You know you're one of the older ones at work, when you say, "It's Friday, it's five to five and it's... "
and your colleagues shout, "Weekend!!!"
I woke up this morning to find someone had painted the word LEWL on my front door.
I rang the police who agreed it’s well out of order.
My girlfriend has been working as a magician's assistant for a few years now & she's picked up a few tricks...I came home from work early the other day to find her dressed in her magician assistants little sexy outfit. She said, "Abracadabra!" and me mate Dave came out of the wardrobe stark naked.... poor Dave must've wondered what the heck was going on
Have to ask, how many of you remember the worst winters of the sixties,
Mike and Bernie.
Just had an interview at Confused.Com...
Not sure if they offered me the job or not.

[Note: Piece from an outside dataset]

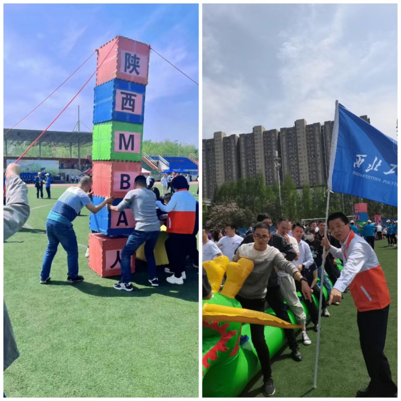 2022级陕MBA40多位学员代表全程参加了“旱地龙舟”“蒸蒸日上”和“拔河比赛”所有项目,赛出了成绩,赛出了友谊,展示了西工大陕西MBA人的风采。最终荣获“蒸蒸日上”项目团体二等奖和最佳贡献奖。

When we were last in Turkey on holiday, we came across one of those Turkish bath houses. They shaved with a solid steel stoneground razor from below the neckline , inside the ears, snipped out nose hairs, waxed off chest hairs and finished off with a moustache trim and an alcohol rub. Honestly! The wife has never looked so good .
Went to see 50 Shades of Grey last night with my wife - she asked me if I ever wanted to put a gag in her mouth.
For once I didn't answer.
Moscow man buys newspaper, glances at front page, throws it straight out. Next day and day after, same.
Eventually, seller snaps:
‘Why DO you do that?’
‘I’m just checking for an obituary.’
‘But obituaries aren’t on the front page.’
‘The one I’m looking for will be.’
I just used the vcuum clener on my keybord. Brillint.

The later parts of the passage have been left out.